Thank God there is still communion, the Lord’s Table. You have to show up, stand in line, dissolve your hurry-sickness, submit to the body and blood of Christ in others. The remembrance of communion includes remembering you are not an island, you are not a sovereign state, your skin is not a national boundary.
I answer social media with one loaf, one cup. Social media is what it is. I don’t dislike it. Instead, I study it as a prophet studies the signs of times, watching and turning my face toward God, and asking, “What does this mean?” It means our current cultural norm will not produce saints. Instead it will produce bloggers, talkers, drivers, wait-in-drive-thru-ers, impatience, chaotic time, exceptionalists, entitlement… harried living and tiredness… and not the unhurried rhythms of grace. Jesus walked and listened. We drive and tap.
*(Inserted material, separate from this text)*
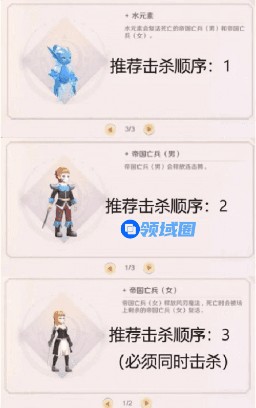 1、击杀顺序推荐:水元素>帝国亡兵(男)>帝国亡兵(女)。

G.K. Chesterton (1920s, British) despised the automobile. He wasn’t too excited about the horse. He said a proper human (by “proper human” he meant a large British man like himself) is supposed to walk – with a stick. A proper human is supposed to use an ink well and quill to write. Sounds impossible to us nowadays. But image how slow life would be if we walked to a neighborhood market each day, and wrote with ink and quill.
So I got my blog back, and now I can, you know, write stuff quickly.